|Rhythm of Conversation --- RichardGabriel Nov 2001
. . . you are laying out the design principles for a textual electronic communication system and desire to make the most congenial system you can for the type of use it will be put to . . .
* * *Different conversations have different rhythms. Sometimes the exchange is slow, with time to think between each reply and a desire to carefully consider each letter and its appropriate reply. Other times the exchange is fast and furious, with ideas sent as fast as possible, perhaps for the purpose of getting quick action, deciding a relatively unimportant matter, or to have a fun, fast exchange.
It is easy to accidentally discourage the natural rhythm of the conversation by offering or emphasizing inappropriate behavior and interfaces. For example, in a communications system that assists fastpaced conversations, it is useful to have aggressive auto-completion, spell-checking and spelling correction, a palette of emoticons or other special abbreviations---in a fast exchange, these can both speed up and enhance the quality of the message. In a slow-paced conversation, the writer is interested in reflection and in creating a good-looking, well written letter. In such a situation, having indicators popping up displaying mistakes or auto-completing are distracting and therefore discourage the natural rhythm and frustrate the writer. In fact, in such cases tools for checking things like spelling should wait in the wings until the writer is ready for them rather than intruding on the process.
Another example is the use of pen and paper. In such communications, the physicality of interaction forms part of the rhythm of conversation---the act of moving a pen on a scratchy piece of paper reinforces the intimate and delicate human-to-human nature of the conversation. The physical motion requires more time and encourages thought before writing, as does the difficulty and ugliness of trying to erase ink. In this case, the deliberate difficulty of using the mechanism of interaction encourages a welcomed rhythm.
Some conversations are specialized enough---such as calendaring---that non-local conversations about when and where to meet are best mediated through specialized programs that handle such conversations.
Different software should be available that is suitable to the style of conversation. Do not force a slow-paced letter writer to suffer from auto-completion or spelling correction while he or she is typing: Doing so distracts the writer from thinking about the message.
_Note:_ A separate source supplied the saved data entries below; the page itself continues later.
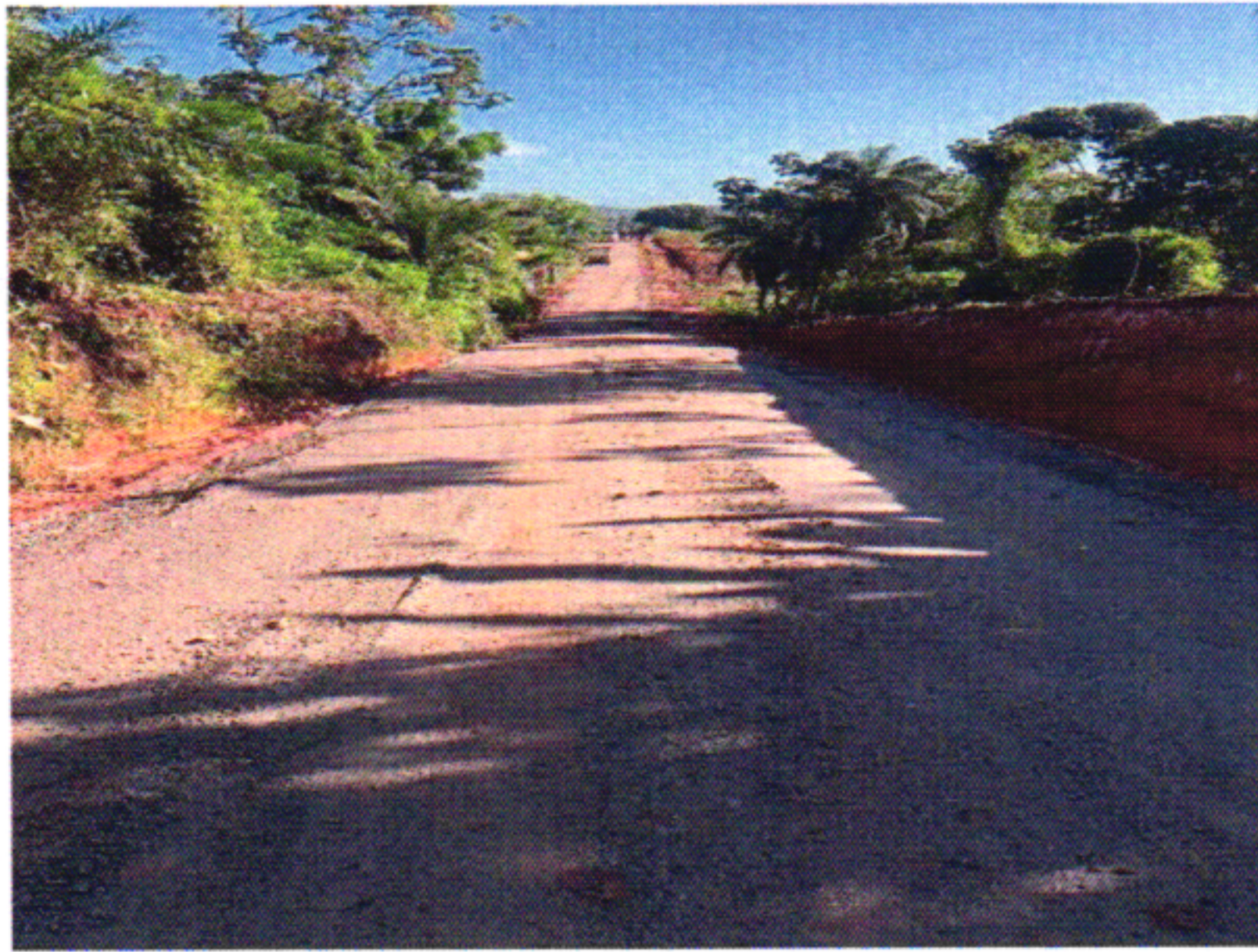
EXECUÇÃO BGS 9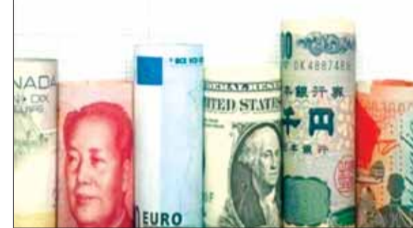
सप्ताह में यह 16 करोड़ डॉलर घटकर 635.667 अरब डॉलर था। आरबीआई के जारी साप्ताहिक आंकड़ों के अनुसार 7 जनवरी को खत्म हुए सप्ताह में विदेशी मुद्रा भंडार में यह गिरावट मुख्य रूप से

नई दिल्ली। देश के विदेशी मुद्रा भंडार में लगातार फिर कमी आई है। 7 जनवरी 2022 को खत्म हुए सप्ताह में यह 87.8 करोड़ डॉलर घटकर 632.736 अरब डॉलर पर आ गया है। भारतीय रिजर्व बैंक यानी आरबीआई के ताजा आंकड़ों के मुताबिक इससे पहले 31 दिसंबर 2021 को खत्म हुए सप्ताह में विदेशी मुद्रा भंडार 1.466 अरब डॉलर घटकर 633.614 अरब डॉलर रहा था। इसी तरह 24 दिसंबर को खत्म हुए सप्ताह में विदेशी मुद्रा भंडार 58.7 करोड़ डॉलर घटकर 635.08 अरब डॉलर रह गया था। वहीं, 17 दिसंबर, 2021 को खत्म हुए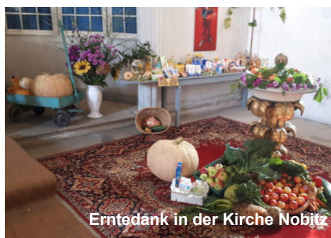
Erntedank in der Kirche Nobitz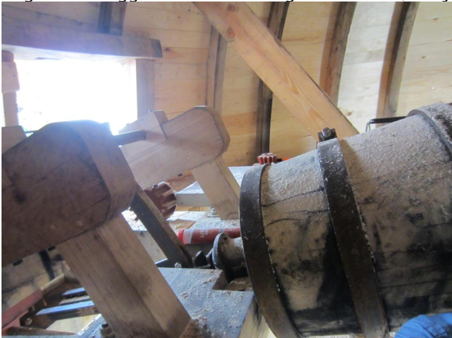
Her ses lejet – og starten på Geartøjet inden baglemmen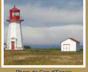
Phare de Cap d'Espoir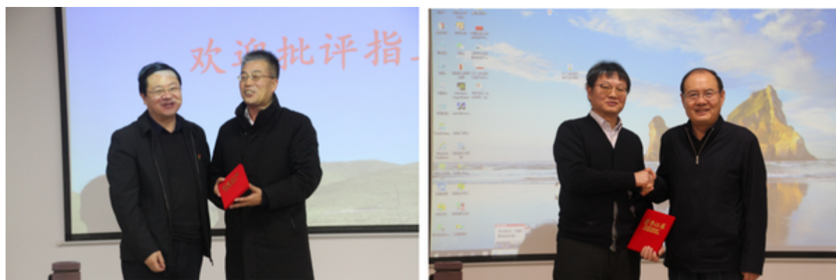
向特邀报告颁发证书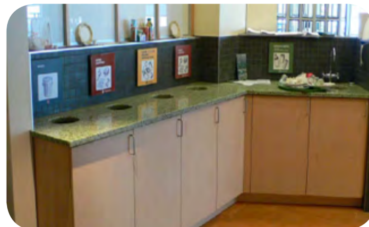
Cafétéria et tri des matières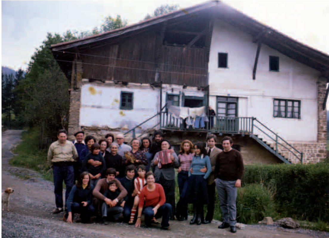
Argazkian bikotea Artea-Elixabetin, euren ezkon etxea izandakoaren aurrean, errentari eta auzokoekin

tatzen du maiatzeko San Isidrotan, bere amak inoren laguntza barik, hamalau gurdikada sats banatu zituela Dimara jotzera joan aurretik.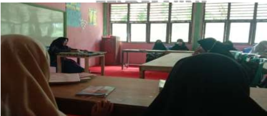
Dokumentasi Observasi Keempat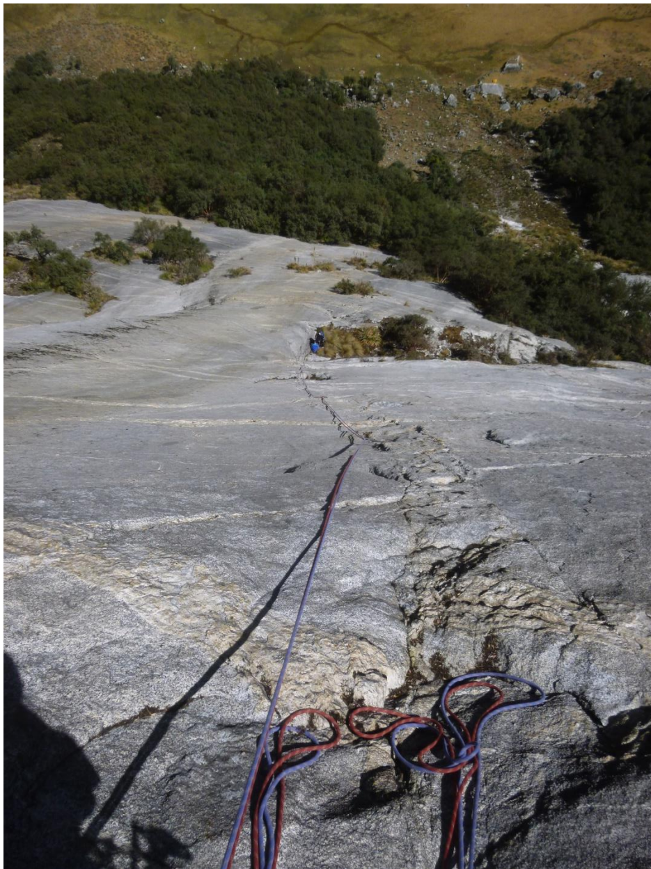
Largos de placas de adherencia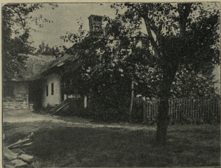
Flegeričeva rojstna hiša.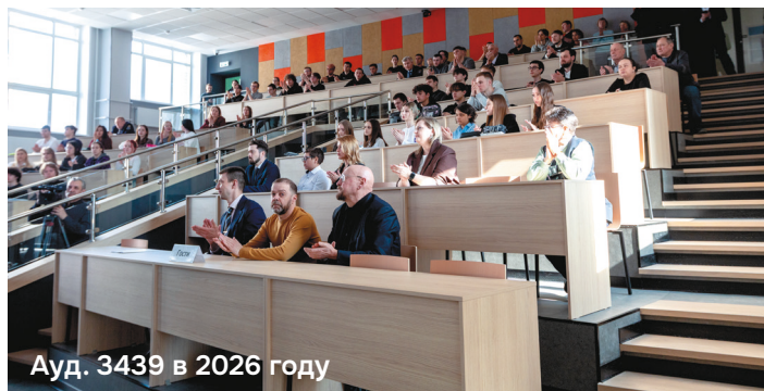
Ауд. 3439 в 2026 году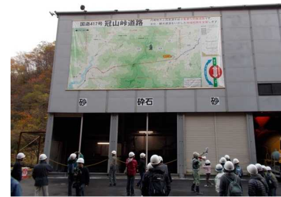
吹付プラントも見学して頂きました。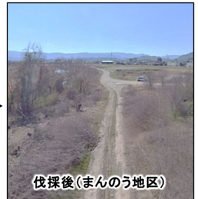
伐採後(まんのう地区)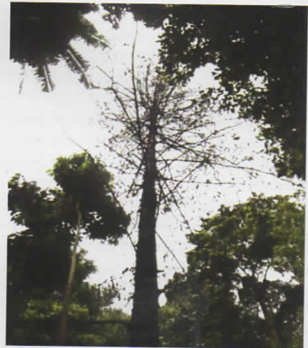
Gambar 2. Pohon terserang penggerek batang.

Kumbang betina bertelur di celah-celah kulit batang dan memasukkan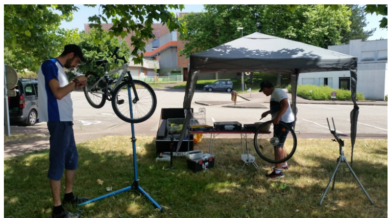
Figure 3: Atelier mobile à la fête de quartier du Val de l'Aurence Nord 18/06/22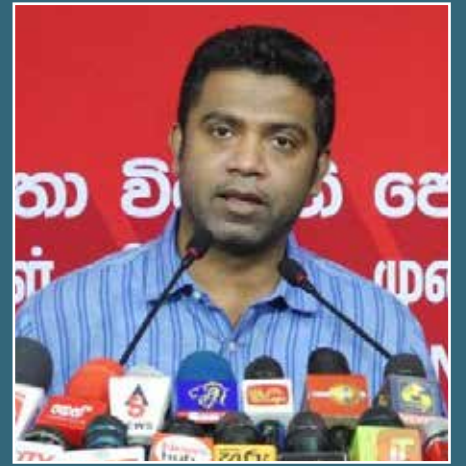
னைகளுக்கு அடிபணிந்து செயற்பட நேரிட்டுள்ளது என்றும் அவர் சுட்டிக்காட்டியுள்ளார்.

இதேவேளை அரசு உரிய நேரத்தில் உதவி பெற்றுக் கொள்ள தவறியதனால் சர்வதேச நாணய நிதியத்தின் நிபந்த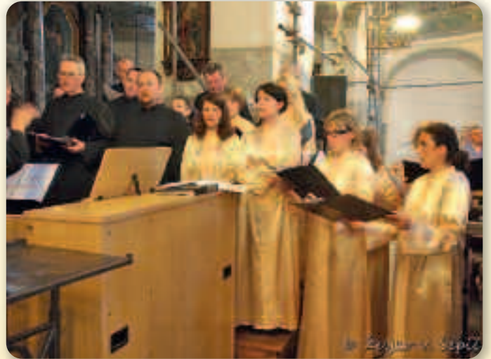
Катедрални хор зоз Крижевцох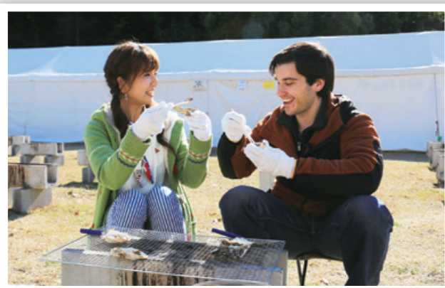
※カキ祭りについては、本紙1月号13ページをご覧ください。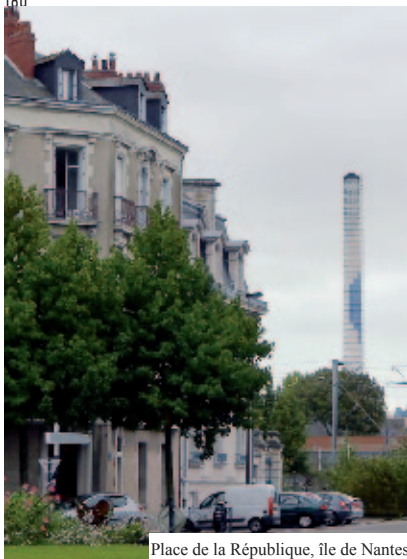
Place de la République, île de Nantes

appris qu'il était le fils d'un Indien Mohawk blessé lors du Débarquement. Le GI's avait fait la connaissance de sa mère, infirmière volontaire, lors de sa convalescence dans un hôpital militaire de campagne près de Savenay, entre Nantes et Saint-Nazaire. L'aventure ne s'était pas prolongée. Le Mohawk avait regagné les États-Unis en ignorant que, neuf mois plus tard, l'infirmière allait donner naissance à mon interlocuteur. Transformé par la tardive nouvelle de ses origines, l'homme consacrait désormais son temps à sa nouvelle identité en militant pour la cause des nations indiennes. Fin connaisseur de leurs différentes cultures, il était en contact régulier avec les Mohawks qu'il retrouvait régulièrement lors d'échanges transatlantiques. À y regarder de plus près, celui avec qui je devisais sur le trottoir gelé, fasciné par cette première rencontre insulaire, avait une vraie figure de native américain. Traversé par l'Histoire, la grande, ce Mohawk de l'île de Nantes l'avait été sans doute plus que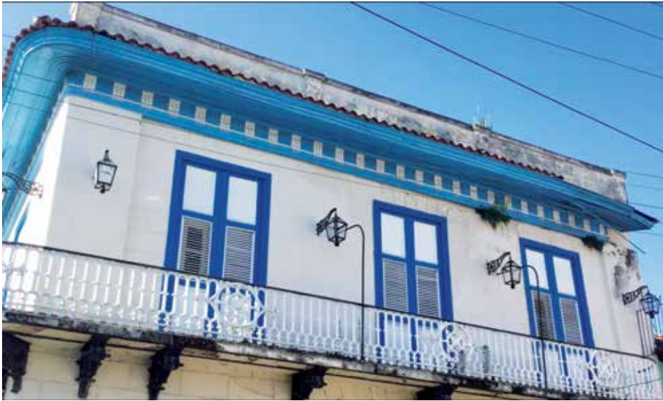
El moho, plantas y aleros semidesprendidos son los nuevos elementos “decorativos” de la institución.

Serias afectaciones en techos, humedad en las paredes y mal estado de la marquetería han obligado a ubicar en almacenes improvisados buena parte de su colección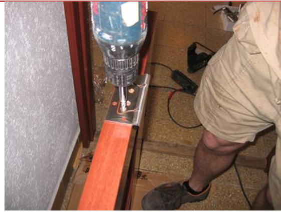
A zsanérok megfelelő oldalra történő felcsavarásával dönthetjük el a helyszínen, hogy az ajtó jobbos, vagy balos kivitelű legyen a beltéri ajtó..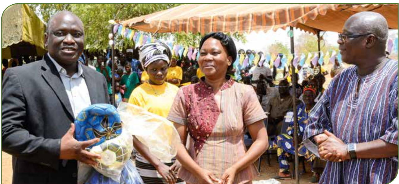
Sympathische Geste anlässlich der offiziellen Einweihung des Collège d'Enseignement Général (CEG): Die Vertreter der Regierung und des Ministeriums des nationalen Bildungswesens hatten Fußballbälle und Trikots für die Schulkinder im Gepäck

Das Projekt beinhaltet des Weiteren, die Ausstattung der Schulklassen und des Bürogebäudes mit den nötigen Möbeln, dem Büro- und dem pädagogischen Arbeitsmaterial.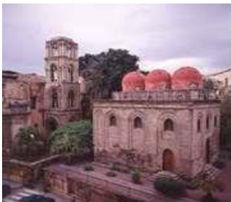
Chiesa di S. Cataldo - Palermo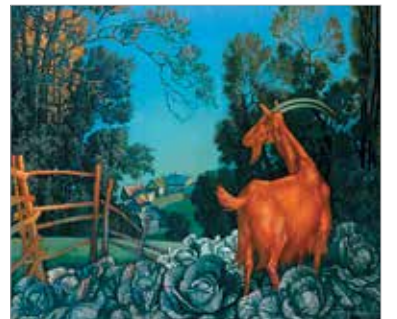
«Вечер в деревне»

дарственный художественный институт им. В.Сурикова (мастерская А.А.Дейнеки, Д.Д.Жилинского). В 1967 г. – первая премия на Всесоюзной выставке. В 1979 г. присуждена серебряная медаль Академии художеств СССР. В 1981 г. присуждена серебряная медаль ВДНХ СССР. В 2004 г. – медаль «За большой личный вклад в укрепление могущества и славы России». Участник городских, областных, зональных, республиканских, всесоюзных, международных, всемирных выставок. Работы хранятся в Государственной Третьяковской галерее, Государственном Русском музее Санкт-Петербурга, Киевском музее русского искусства, Оренбургском музее ИЗО, музеях Запорожья, Красноярска, Краснодар, в частных коллекциях Германии, Франции, Финляндии, США и т.д.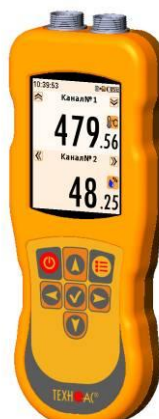
Рисунок 18 – Общий вид термометров контактных цифровых ТК-5 модификации ТК-5.27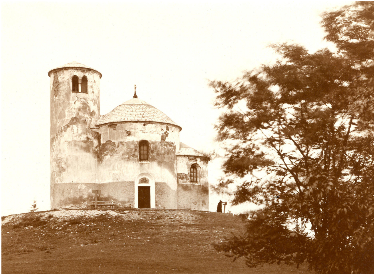
Obr. 1. Archivní fotografie z roku 1916 dokládá úpravu fasád, kterou rotunda získala při obnově v letech 1869–1881.

Obnovy exteriéru rotundy sv. Jiří a sv. Vojtěcha na hoře Říp jsem se účastnil jako odborný garant Národního památkového ústavu.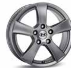
3. Leichtmetallfelge 15" Mabuk 4. Leichtmetallfelge 16" Mabuk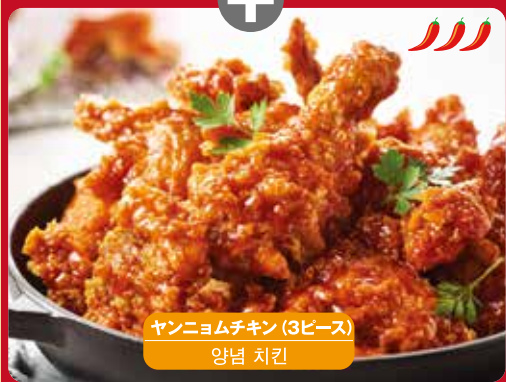
ヤンニョムチキン (3ピース) 양념 치킨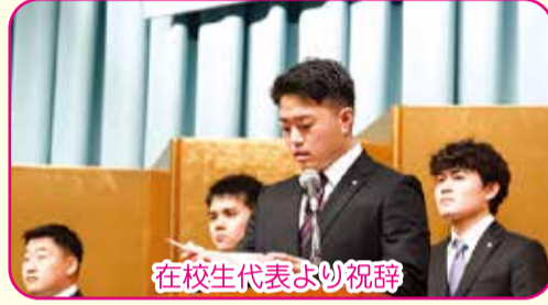
在校生代表より祝辞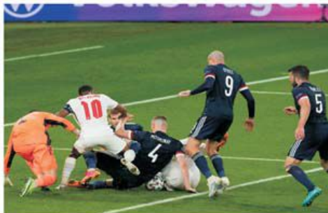
Anglia a făcut unul dintre cele mai slabe meciuri din ultimii ani în egalul cu Scoția.

Anglia este marea favorită la locul 1 în grupa D la EURO 2020, o națională cu pretenții la a ajunge cât mai sus posibil în competiție, mai ales și pentru că după ce și-a jucat acasă meciurile din grupă ar urma să facă același lucru și dacă ar ajunge în semifinale sau finală. Însă, după evoluția mai mult decât palidă a oamenilor lui Gareth Southgate perspectivele unui parcurs lung și glorios nu sunt dintre cele mai mari.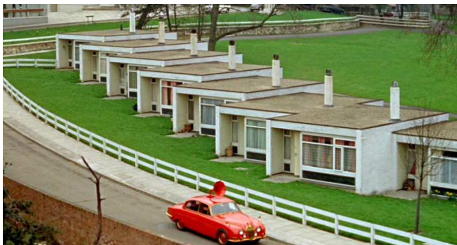
Figura 5. Aproximación a la casa del protagonista. Escena extraída de la película Fahrenheit 451 , de Truffaut (1966).

Empezaba a vivirse el auge de la televisión en los hogares. La relación ambivalente de este electrodoméstico en las zonas residenciales fue criticado desde aquellos sectores más intelectuales que alertaban de la tiranía del poder a través de los medios. Es el caso de las versiones cinematográficas de Fahrenheit 451 (Truffaut, dir., 1966) o la posterior 1984 (Radford, dir., 1984), que ponían de manifiesto ese clima alienante que se le presumía al modelo.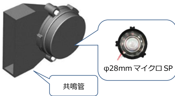
【小型高音圧スピーカーモジュール】

当社はホームAV事業売却により、祖業であるスピーカーコンポーネント事業への回帰を進め、OEM事業に注力することによってあらゆる用途への拡大と業績向上を目指してまいります。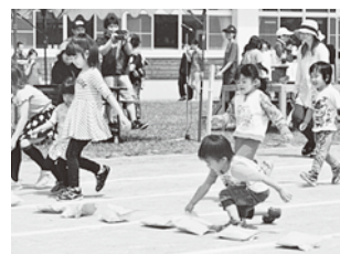
幼児による宝さがし

Provide fast-paced messagers facilities to communicate quickly with as few impediments as possible; in fact, try to provide shortcuts to try to assist the writer in getting the message across rapidly. Also be aware of the intrusiveness of the message delivery system, so that people awaiting a quick turnaround are sought by the system while those waiting for a slowly written letter are interrupted when they might be working or resting.
* * *Physical mail requires the recipient to visit a mailbox or post office. Physical mail is inherently a slow-paced medium, and so the slow pace is part of the experience of the exchange. When an email program detects or is informed that the user is writing a deliberate letter, it may make sense for the email program to suspend intrusive attention-grabbing behavior, while in the opposite case where a quick exchange is underway, notifications and the like would be welcome and should be enabled, either automatically or easily.